Friday, February 02, 2007

Kûchû teien (Toshiaki Toyoda, 2005) aka Hanging Garden

Hanging Garden (Toshiaki Toyoda, 2005)
Rating: 8.9

Toshiaki Toyoda’s film Hanging Garden (2005) revolves around the Kyobashi family and their acquaintances. The Kyobashi family lives in an apartment within the Grand Maison housing project in a suburb of Tokyo, Japan. I would like to focus my examination of setting on the family dining area, and more specifically the dinner table. The opening shot of the film introduces us to the family home while also alluding to a false utopia by showing a slowly revolving lampshade above the dinner table with painted imagery of The Hanging Gardens of Babylon. Babylon often implies a city or place of great luxury, sensuality, and often vice and corruption. The Kyobashi wears the veil of a familial paradise by enforcing a rule where everyone must tell the truth about everything, but of course each family member has their moments of corruption and secrecy.
Throughout the film the dinner table functions as a town meeting hall of sorts. This is really the only setting in which all of the family members meet together in one place. In the opening scene of the film Mana, the daugher, asks her parents how she was conceived and receives an immediate and honest response which established an expected precedent for the family to follow.
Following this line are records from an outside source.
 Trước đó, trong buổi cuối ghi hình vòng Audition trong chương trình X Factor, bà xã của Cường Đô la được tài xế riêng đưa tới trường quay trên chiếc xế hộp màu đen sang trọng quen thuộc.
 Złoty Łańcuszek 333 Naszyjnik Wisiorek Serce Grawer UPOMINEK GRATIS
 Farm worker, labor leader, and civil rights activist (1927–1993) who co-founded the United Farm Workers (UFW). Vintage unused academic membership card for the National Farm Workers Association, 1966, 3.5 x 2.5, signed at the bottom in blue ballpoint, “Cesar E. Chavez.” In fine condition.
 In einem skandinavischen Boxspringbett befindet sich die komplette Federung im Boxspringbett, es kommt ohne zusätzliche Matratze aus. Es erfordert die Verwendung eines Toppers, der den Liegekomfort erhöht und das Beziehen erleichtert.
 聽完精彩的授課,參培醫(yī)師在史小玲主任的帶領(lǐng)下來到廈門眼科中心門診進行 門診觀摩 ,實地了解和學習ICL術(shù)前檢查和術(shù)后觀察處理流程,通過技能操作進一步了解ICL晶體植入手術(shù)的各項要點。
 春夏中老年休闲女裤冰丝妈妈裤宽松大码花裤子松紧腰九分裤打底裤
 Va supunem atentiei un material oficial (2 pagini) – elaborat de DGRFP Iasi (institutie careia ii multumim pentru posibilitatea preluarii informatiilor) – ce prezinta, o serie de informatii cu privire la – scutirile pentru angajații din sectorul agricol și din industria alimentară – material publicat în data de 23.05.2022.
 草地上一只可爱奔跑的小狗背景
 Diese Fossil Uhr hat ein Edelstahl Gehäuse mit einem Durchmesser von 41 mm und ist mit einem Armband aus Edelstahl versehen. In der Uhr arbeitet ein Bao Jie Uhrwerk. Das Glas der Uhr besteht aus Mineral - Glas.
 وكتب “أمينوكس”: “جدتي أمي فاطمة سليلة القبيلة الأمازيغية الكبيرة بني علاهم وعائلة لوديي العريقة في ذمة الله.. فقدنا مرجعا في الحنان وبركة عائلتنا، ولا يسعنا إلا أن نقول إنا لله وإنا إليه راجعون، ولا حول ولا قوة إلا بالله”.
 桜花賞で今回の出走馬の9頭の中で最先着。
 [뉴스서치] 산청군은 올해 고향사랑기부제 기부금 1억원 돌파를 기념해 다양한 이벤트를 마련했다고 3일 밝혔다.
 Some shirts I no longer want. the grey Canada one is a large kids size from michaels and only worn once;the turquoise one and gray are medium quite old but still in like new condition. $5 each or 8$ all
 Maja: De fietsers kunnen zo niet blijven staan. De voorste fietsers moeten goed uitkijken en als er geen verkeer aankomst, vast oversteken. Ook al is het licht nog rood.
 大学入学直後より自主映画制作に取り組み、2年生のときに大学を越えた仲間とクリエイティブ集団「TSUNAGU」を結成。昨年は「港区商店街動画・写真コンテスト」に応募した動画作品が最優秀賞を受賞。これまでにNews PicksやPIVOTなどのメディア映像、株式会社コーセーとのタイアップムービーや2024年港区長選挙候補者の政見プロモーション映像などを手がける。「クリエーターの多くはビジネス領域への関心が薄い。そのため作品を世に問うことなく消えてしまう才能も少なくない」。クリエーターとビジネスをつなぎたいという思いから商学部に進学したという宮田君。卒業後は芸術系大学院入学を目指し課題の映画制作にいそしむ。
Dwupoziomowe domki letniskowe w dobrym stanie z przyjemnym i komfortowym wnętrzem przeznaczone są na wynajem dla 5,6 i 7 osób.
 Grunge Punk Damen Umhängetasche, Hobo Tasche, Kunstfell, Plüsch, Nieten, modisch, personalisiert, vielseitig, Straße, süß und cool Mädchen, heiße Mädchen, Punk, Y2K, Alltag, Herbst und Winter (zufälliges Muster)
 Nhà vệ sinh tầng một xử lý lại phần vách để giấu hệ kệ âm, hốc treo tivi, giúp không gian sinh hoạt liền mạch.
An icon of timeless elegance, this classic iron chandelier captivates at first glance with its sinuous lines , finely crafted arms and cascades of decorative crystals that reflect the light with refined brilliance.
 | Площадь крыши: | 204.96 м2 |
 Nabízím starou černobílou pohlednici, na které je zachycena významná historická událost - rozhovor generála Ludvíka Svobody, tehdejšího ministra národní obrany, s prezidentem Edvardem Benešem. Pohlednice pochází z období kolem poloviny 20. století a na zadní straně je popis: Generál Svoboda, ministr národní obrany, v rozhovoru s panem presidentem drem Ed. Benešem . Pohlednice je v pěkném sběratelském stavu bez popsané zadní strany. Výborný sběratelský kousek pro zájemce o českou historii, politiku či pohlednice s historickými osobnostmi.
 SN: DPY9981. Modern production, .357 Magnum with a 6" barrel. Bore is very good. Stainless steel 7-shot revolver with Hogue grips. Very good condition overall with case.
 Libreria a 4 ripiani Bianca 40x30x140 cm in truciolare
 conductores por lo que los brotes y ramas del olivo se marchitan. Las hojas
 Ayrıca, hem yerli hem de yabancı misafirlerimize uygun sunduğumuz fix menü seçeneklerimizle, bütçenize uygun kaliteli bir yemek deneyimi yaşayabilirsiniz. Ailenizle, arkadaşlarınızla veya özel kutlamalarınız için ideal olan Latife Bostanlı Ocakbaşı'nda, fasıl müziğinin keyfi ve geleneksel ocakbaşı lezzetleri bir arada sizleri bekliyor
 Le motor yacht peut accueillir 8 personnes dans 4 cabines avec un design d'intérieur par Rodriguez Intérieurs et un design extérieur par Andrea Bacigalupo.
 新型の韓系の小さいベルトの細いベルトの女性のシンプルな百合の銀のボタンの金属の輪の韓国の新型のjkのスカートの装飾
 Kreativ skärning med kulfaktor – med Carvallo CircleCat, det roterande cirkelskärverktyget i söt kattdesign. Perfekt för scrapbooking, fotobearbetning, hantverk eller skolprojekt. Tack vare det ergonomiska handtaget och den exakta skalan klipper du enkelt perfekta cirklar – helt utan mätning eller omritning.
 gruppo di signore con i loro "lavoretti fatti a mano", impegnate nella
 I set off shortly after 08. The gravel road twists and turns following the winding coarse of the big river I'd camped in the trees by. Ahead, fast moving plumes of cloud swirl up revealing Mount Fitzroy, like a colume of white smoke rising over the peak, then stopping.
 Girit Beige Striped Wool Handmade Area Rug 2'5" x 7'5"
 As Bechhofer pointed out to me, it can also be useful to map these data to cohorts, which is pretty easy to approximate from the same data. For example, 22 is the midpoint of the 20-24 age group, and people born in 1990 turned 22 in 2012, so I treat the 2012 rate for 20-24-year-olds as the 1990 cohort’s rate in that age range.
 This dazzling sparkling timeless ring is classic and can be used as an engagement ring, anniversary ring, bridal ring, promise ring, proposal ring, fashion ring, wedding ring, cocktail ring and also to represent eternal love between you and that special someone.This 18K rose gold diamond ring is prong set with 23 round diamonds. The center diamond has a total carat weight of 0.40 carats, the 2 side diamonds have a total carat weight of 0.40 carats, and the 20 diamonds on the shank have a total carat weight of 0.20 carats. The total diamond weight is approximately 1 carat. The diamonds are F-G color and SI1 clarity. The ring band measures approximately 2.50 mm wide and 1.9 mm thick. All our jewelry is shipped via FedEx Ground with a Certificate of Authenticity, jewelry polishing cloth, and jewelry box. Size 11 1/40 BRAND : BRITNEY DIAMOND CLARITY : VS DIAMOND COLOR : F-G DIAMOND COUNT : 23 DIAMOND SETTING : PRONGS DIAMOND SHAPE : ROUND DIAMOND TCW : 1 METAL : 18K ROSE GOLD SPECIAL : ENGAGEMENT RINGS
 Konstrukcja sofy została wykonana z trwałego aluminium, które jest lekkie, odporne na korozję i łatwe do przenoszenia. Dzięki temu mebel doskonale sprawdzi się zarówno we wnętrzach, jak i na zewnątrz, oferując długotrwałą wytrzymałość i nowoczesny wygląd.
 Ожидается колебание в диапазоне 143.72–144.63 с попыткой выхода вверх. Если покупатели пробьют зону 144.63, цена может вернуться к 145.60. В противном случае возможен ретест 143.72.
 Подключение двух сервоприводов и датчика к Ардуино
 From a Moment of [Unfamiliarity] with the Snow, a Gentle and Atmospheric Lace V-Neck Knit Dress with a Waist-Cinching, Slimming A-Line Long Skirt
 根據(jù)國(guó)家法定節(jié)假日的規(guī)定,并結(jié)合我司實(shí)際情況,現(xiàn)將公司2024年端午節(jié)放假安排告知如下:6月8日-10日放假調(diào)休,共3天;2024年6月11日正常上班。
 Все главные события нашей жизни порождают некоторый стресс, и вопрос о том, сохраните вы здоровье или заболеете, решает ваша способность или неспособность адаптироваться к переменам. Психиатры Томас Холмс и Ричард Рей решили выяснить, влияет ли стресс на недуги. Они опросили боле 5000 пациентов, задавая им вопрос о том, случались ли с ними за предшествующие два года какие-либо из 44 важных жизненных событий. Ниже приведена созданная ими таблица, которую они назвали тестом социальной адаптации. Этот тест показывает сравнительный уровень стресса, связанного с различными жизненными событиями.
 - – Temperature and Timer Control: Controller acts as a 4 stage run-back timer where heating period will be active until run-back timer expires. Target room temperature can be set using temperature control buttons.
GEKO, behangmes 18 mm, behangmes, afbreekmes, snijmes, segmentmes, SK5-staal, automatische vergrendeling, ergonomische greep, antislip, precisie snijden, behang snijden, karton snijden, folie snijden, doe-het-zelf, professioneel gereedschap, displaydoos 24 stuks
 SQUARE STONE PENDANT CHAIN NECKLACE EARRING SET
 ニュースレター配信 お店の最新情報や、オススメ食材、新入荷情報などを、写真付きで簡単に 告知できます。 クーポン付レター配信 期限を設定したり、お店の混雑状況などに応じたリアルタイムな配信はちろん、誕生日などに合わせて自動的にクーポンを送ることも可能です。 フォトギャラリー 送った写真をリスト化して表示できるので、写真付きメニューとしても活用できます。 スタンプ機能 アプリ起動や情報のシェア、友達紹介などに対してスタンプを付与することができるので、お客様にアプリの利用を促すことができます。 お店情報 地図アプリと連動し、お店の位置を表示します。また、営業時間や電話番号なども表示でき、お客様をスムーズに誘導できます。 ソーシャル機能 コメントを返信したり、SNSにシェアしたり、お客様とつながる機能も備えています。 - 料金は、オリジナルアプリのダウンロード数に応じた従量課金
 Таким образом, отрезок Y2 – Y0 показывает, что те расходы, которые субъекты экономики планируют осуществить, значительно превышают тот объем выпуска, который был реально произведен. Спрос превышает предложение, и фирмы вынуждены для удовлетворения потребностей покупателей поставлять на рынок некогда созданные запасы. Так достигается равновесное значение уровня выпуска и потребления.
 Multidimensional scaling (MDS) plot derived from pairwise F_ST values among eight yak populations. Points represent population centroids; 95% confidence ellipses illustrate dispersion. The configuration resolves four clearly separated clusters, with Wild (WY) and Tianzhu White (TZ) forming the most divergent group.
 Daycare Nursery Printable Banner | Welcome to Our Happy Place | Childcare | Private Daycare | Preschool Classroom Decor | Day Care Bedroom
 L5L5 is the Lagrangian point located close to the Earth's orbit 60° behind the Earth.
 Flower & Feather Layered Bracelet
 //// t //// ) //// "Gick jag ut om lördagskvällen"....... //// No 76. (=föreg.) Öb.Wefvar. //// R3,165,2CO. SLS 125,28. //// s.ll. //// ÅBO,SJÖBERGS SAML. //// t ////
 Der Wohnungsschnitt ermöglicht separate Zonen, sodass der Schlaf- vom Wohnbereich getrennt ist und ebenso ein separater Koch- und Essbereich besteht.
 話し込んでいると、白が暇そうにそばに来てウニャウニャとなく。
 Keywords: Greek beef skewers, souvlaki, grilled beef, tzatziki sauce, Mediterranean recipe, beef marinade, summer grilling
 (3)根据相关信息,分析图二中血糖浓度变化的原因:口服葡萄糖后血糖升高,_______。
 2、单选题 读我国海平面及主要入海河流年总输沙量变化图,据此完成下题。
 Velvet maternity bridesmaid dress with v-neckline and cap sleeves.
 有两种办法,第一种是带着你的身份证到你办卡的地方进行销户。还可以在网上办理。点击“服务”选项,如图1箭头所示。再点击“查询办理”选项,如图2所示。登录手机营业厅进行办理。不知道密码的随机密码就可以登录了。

However, it is soon revealed that Takashi, the father has neither been faithful, nor honest with his wife, Eriko. The second dinner table scene involves one of Takashi’s lovers who coincidentally is son, Ko’s new tutor. Unlike the opening sequence, this scene is all about lies and deceit as Mina and Takashi pretend to be meeting for the first time. The rest of the family puts on the facade of being happy, as well despite their personal troubles. The scene almost resembles a luxurious feast as Eriko, on the brink of a nervous breakdown, happily refills her husbands beer.
The revelry continues during the third and final scene at the dinner table when the family celebrates the birthdays of Mina and Eriko’s mother Sacchin. The camera slowly pans around the table like the lampshade above them and like the hanging plants in Eriko’s own garden. Eventually the false sense of reality begins to crumble and the secrets are all revealed. Mina accuses the family of putting on a “school play,” by ignoring the ugly truth and pretending to be a happy family. After this incident Takashi’s stash of magazine are found, and a picture of Mana is identified. Sacchin recognizes the Wild Monkey, which leads to her revealing Ko and Mana have both been there as well. Eriko admits to knowing about her husbands unfaithfulness here as well, but perhaps the most important revelation during this scene is Eriko’s reclusive past and awkward relationship with her mother. The mother/daughter confrontation is juxtaposed with the bright burning candles on the birthday cake and concludes with Sacchin slowly blowing out her candles while repeating “Start over, do it over.” In the beginning the setting acts as a paradise for Eriko, a sanctuary from truth and reality. By the end of the film, their “Babylon” is in ruins, but not without hope. Together as a unit after 17 years the family is still strong and has love for one another despite their faults.